SIMULATION OF REGIONAL GROUNDWATER FLOW IN THE OREGON CASCADES – SUCCESSES, LIMITATIONS, AND NEXT STEPS

Regional groundwater flow models have been developed for basins draining most of the east side of the Cascade Range in Oregon. The complexity of these models varies spatially according to the degree of knowledge of the subsurface, availability of calibration data, and driving issues. Models tend to be detailed and complex in developed areas adjacent to the Cascades, and simple and generalized in the mountains. Although generalized, these models simulate large-scale hydrologic behavior of the Cascades reasonably well, particularly the spatial distribution of and climate-driven temporal variations in groundwater discharge to major streams and springs. Smaller-scale features in the Cascades, such as small groundwater-fed streams and springs, however, are not simulated consistently well because model calibration is driven by larger, more volumetrically important features. Present models have proven useful for addressing many groundwater management questions, and have been helpful in developing regional water-management strategies. There is increasing interest, however, in the hydrologic response of specific small streams and springs to water- and land-management decisions and climate change, a task to which the present regional models are not well suited.There is a considerable body of knowledge of the hydrology of the Cascade Range at the individual spring and stream-reach scale that includes field observations, descriptive geologic and hydrologic studies, geochemical studies, and analytical, statistical, and physically based models.
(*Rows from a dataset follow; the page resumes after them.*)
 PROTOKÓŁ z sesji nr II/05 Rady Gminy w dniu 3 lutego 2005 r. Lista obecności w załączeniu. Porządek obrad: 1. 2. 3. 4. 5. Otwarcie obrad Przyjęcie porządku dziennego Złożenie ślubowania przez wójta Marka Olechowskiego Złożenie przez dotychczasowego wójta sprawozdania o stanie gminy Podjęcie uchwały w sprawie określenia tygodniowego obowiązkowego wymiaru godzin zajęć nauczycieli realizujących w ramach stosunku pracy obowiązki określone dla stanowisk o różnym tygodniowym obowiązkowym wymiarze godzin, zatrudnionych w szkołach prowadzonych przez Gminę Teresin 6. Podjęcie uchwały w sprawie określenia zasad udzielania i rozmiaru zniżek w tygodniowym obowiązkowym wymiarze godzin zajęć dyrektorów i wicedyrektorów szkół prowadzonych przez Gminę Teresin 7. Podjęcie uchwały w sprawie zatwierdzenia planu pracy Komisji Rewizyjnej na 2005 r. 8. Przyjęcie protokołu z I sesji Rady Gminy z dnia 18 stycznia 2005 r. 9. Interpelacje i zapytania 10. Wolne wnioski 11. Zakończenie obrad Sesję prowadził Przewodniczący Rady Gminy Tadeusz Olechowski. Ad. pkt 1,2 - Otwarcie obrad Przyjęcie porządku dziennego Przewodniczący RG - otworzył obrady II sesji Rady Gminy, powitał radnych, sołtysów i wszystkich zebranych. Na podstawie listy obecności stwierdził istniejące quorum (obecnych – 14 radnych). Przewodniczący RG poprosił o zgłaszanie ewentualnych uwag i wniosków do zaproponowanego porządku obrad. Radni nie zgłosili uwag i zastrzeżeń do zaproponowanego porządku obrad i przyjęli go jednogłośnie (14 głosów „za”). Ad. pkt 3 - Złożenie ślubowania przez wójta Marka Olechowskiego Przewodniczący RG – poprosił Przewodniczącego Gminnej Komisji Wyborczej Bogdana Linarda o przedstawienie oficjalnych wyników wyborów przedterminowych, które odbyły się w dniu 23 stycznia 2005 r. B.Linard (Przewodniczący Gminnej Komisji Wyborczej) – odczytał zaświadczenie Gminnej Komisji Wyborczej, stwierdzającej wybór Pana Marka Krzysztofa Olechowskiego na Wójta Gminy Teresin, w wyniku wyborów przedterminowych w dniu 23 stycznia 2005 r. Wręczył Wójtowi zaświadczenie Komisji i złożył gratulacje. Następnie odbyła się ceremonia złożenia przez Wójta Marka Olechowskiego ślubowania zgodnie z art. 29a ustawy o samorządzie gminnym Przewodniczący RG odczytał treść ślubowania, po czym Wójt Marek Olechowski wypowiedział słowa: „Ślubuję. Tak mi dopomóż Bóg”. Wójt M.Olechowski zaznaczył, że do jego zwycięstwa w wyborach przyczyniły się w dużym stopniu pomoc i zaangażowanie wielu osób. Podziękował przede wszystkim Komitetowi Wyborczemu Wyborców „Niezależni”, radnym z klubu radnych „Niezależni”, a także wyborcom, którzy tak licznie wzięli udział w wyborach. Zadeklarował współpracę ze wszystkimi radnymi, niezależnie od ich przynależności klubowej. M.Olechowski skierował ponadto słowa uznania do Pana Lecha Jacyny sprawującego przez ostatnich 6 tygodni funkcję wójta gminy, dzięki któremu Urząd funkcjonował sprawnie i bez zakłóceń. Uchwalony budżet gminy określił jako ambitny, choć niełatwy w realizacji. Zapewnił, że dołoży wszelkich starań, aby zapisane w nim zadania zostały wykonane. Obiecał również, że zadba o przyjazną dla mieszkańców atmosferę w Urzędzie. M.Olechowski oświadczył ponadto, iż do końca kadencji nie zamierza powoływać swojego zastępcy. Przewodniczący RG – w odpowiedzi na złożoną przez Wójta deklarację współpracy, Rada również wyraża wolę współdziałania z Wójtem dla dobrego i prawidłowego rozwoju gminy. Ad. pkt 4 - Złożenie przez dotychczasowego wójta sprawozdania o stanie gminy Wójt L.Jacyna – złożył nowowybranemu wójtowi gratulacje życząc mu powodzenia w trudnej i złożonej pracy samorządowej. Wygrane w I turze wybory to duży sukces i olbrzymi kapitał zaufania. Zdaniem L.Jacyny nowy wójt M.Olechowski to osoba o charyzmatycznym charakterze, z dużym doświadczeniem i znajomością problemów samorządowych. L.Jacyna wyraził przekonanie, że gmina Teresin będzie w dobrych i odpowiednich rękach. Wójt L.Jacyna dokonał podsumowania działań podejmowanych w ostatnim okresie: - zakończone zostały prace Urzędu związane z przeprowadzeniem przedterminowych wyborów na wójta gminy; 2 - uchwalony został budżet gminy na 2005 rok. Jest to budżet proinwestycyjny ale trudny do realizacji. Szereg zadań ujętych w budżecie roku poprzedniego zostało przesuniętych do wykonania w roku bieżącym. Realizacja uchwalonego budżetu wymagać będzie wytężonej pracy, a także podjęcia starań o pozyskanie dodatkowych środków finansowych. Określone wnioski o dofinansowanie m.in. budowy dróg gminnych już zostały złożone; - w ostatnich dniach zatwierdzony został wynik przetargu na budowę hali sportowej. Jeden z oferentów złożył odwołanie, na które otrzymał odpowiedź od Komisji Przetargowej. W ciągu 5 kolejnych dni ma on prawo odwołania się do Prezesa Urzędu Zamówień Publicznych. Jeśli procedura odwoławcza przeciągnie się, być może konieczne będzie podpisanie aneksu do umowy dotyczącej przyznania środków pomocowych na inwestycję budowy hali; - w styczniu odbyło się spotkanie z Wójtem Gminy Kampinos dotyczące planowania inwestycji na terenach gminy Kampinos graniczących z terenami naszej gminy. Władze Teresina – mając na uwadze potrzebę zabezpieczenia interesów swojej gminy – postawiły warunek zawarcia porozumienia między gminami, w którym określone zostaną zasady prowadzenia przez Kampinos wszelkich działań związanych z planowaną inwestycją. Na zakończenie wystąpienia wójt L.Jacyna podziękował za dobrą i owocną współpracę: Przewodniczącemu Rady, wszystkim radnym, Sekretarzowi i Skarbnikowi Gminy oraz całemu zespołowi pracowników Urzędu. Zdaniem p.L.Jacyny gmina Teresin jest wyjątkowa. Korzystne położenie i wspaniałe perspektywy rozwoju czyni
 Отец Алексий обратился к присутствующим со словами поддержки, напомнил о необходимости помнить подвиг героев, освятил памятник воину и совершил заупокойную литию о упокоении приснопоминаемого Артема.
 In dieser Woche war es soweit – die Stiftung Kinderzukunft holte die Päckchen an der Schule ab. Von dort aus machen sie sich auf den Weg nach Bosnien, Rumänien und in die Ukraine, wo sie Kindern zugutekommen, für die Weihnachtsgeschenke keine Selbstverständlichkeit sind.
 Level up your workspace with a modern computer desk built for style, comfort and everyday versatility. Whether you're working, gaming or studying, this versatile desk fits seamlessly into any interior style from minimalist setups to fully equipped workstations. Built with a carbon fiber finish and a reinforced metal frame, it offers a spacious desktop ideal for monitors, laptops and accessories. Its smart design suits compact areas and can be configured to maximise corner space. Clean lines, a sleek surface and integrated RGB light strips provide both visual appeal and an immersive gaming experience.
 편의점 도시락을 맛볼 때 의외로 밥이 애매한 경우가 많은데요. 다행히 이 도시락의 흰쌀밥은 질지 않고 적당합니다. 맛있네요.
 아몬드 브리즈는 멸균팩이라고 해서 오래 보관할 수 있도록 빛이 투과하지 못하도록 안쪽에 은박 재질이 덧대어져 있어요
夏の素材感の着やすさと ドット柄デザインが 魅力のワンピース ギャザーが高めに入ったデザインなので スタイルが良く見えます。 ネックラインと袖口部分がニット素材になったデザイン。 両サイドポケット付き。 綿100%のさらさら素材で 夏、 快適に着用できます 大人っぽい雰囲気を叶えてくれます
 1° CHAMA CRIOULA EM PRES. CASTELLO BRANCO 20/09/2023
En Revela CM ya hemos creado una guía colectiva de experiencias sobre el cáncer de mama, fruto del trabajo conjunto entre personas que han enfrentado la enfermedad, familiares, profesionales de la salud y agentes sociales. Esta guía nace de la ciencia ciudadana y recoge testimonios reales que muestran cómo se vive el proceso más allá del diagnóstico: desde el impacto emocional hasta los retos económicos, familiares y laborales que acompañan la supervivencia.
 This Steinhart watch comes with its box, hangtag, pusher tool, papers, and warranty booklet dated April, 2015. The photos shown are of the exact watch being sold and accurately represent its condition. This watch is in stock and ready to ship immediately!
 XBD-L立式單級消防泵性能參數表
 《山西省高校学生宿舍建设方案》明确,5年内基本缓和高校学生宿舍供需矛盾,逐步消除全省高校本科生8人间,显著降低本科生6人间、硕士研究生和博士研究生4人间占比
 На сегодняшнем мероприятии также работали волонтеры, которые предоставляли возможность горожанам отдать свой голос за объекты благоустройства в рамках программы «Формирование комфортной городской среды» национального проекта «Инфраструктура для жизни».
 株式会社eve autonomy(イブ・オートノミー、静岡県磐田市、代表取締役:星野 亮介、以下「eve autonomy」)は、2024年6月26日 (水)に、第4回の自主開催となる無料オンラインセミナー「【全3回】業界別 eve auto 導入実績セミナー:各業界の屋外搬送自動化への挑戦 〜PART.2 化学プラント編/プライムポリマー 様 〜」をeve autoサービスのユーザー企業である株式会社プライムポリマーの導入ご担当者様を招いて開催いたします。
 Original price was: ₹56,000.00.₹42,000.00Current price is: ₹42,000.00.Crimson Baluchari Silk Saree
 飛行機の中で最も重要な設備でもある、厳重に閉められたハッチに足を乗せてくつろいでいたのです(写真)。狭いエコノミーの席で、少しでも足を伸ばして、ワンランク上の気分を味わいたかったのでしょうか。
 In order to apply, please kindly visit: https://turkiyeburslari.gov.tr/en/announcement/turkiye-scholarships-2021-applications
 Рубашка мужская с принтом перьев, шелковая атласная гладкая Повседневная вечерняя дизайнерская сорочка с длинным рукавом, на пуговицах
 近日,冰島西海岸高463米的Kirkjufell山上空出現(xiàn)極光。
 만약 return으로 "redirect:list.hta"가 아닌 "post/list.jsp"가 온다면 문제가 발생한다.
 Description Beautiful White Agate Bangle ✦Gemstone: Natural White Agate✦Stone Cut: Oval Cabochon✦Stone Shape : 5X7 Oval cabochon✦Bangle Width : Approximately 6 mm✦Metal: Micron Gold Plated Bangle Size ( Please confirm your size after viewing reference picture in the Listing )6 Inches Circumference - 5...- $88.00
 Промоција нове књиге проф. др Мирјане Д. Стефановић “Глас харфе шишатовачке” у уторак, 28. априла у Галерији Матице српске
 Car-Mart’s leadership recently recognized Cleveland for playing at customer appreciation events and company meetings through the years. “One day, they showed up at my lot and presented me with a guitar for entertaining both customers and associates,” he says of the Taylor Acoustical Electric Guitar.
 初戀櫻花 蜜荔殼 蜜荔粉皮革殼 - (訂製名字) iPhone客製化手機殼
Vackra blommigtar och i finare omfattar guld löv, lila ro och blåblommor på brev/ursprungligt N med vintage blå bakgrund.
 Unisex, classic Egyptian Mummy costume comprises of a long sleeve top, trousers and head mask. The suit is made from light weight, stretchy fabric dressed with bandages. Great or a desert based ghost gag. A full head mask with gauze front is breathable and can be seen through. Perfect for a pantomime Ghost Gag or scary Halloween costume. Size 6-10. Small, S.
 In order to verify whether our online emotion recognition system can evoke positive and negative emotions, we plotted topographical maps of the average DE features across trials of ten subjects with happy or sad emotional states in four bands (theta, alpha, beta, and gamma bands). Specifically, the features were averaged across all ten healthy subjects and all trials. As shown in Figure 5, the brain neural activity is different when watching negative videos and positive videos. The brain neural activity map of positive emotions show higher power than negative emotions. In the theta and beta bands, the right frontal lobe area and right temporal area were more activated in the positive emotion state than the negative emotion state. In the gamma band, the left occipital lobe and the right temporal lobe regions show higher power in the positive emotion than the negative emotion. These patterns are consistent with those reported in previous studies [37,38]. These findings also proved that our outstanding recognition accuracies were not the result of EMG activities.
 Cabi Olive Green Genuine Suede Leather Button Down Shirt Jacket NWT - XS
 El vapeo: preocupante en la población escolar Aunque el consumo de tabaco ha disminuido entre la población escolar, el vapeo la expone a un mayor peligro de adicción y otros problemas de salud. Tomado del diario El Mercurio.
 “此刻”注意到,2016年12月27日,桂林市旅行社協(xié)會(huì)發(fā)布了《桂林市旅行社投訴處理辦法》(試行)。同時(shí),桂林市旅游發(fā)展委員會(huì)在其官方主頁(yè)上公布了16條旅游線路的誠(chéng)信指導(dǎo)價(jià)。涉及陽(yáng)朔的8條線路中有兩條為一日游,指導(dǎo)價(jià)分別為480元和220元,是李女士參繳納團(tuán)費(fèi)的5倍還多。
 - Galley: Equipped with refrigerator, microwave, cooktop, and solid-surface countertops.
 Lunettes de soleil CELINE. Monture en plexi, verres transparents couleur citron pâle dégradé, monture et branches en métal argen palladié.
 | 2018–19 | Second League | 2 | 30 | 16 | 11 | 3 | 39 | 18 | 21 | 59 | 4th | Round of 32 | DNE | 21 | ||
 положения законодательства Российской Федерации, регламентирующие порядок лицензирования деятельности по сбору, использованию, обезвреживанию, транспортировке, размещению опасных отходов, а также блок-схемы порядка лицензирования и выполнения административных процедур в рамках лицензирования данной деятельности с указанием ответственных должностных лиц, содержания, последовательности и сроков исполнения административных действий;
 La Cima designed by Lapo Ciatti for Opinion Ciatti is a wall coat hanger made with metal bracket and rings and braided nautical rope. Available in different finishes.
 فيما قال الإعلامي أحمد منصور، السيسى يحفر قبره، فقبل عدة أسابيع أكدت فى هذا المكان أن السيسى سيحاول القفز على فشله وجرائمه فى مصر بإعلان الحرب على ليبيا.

While much of this work provides important insights into the hydrology of the Cascades, there is as yet no tool with which to evaluate the hydrologic response of small-scale features to the full variety of forcing variables occurring at a range of scales. The next challenge, therefore, is to combine our knowledge of local-scale hydrology with the larger regional-scale models to provide quantitative capability that spans and properly couples processes across a range of spatial and temporal scales. Two possible approaches are refined-grid models nested within larger, regional models, and coupled groundwater/surface-water models (such as GSFLOW) discretized at appropriately fine scales. Both of these approaches will require additional data of diverse types.